As of Thursday afternoon, 339 people responded to the Facebook event for the Phoenix rally, saying they would attend. One organizer estimated that a total of 500 to 600 people had signed up through social media, including Facebook, and through the website strikewithus.org.

The strike is scheduled to begin at 2 p.m. at the Maricopa County courthouse. From there, protesters will march to the State Capitol, where they are expected to hold a rally until 6 p.m.

In the United States, the stated demands of these activists are sweeping and wide-ranging. They are calling for an end to fossil fuels and a transition to 100 percent renewable energy, respect for indigenous sovereignty, economic justice, sustainable agriculture, and biodiversity protection.

In Phoenix, activists' priorities are narrower.

Topping the list of longstanding demands are more solar energy and better recycling, according to Aditi Narayanan, a 17-year-old senior at BASIS Phoenix and one of the leaders of Arizona Youth Climate Strike, the student group organizing Friday's rally.

More recently, Narayanan said, Arizona Youth Climate Strike has been pushing for better climate education. She and a few other students, members of Arizona Youth Climate Strike and other groups, are in the early stages of crafting a bill for the 2020 legislative session.  They've been working on the legislation with Democratic State Senator Juan Mendez.

"We're figuring out what we want to put in there," Narayanan said. "So it's really in the beginning."

Mendez said that he had developed a few options to share with the students, but that how they ultimately decide to pursue their goals of climate education is up to them.

"They want there to be some kind of class that focuses on educating youth about the environment. It doesn't necessarily have to be climate-focused," he said.

Mendez acknowledged that while such an initiative might struggle to gain traction in a state like Arizona, he saw it as a learning opportunity for students to understand the myriad ways of working through the political system. Even if a bill doesn't become law, students could bring their ideas to local school boards, he suggested.

"If they don’t feel like they can bring their ideas to the system and contribute to the conversation, they’re never going to be engaged at the level we need them to be," he said.

Mendez said he plans to attend Friday's rally. 

The event promises to be different from past climate actions in Phoenix. Previous town halls, protests, rallies, and walkouts have focused on infrastructural changes. They've featured state legislators as speakers, and they've drawn around 100 to 200 people — a fraction of the participation expected on Friday.

This time, no elected officials will be speaking. "They've kind of monopolized the conversation," Narayanan said, before quickly adding that the group nevertheless appreciates its elected allies. "We'd rather have earnest testimony — we'd rather have them listen to the youth."

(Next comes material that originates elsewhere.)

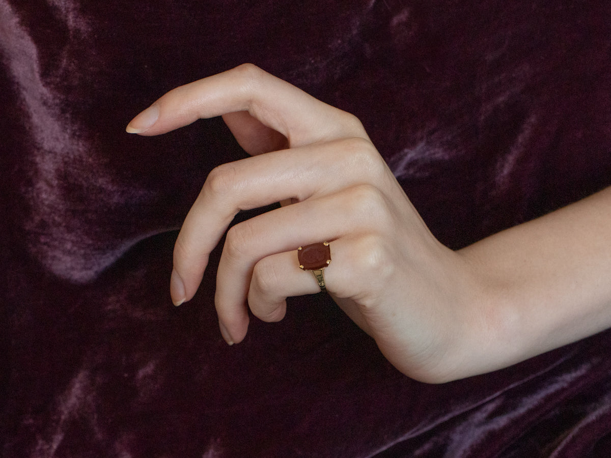 This vintage cameo ring is simple, yet beautiful! The cameo is carved out of russet red carnelian and depicts a classical Roman woman in profile. A minimalist setting of 10 karat gold is the perfect compliment to this striking stone.

The rally will also be "a lot more intersectional," Narayanan said, with indigenous, Latinx, and African-American groups slated to participate. Latino environmental advocacy group Chispa Arizona and local chapters of Elders for Climate Action and the youth climate group Sunrise Movement would be there, she said.

The sheer number of people who have signed up is "more than we've ever had before." She acknowledged that not everyone who pledges to show is guaranteed to, but she still expects at least 400 people.

Another global strike is scheduled for September 27.

Narayanan attributed the increased interest to an increasing sense of urgency, among Phoenicians and Arizonans, over climate change. Recent news stories laying out the ongoing consequences of climate change — the deadly heat, looming water cutbacks, and rising utility costs — have forced people to acknowledge global warming's impact on their lives.

With a 2 p.m. start time, a lot of seniors who plan to attend the strike won't actually have to miss much school, Narayanan said, but she plans to skip the full day and call in sick.

"I don't have time to go to school," she said, "because I have something more important to do."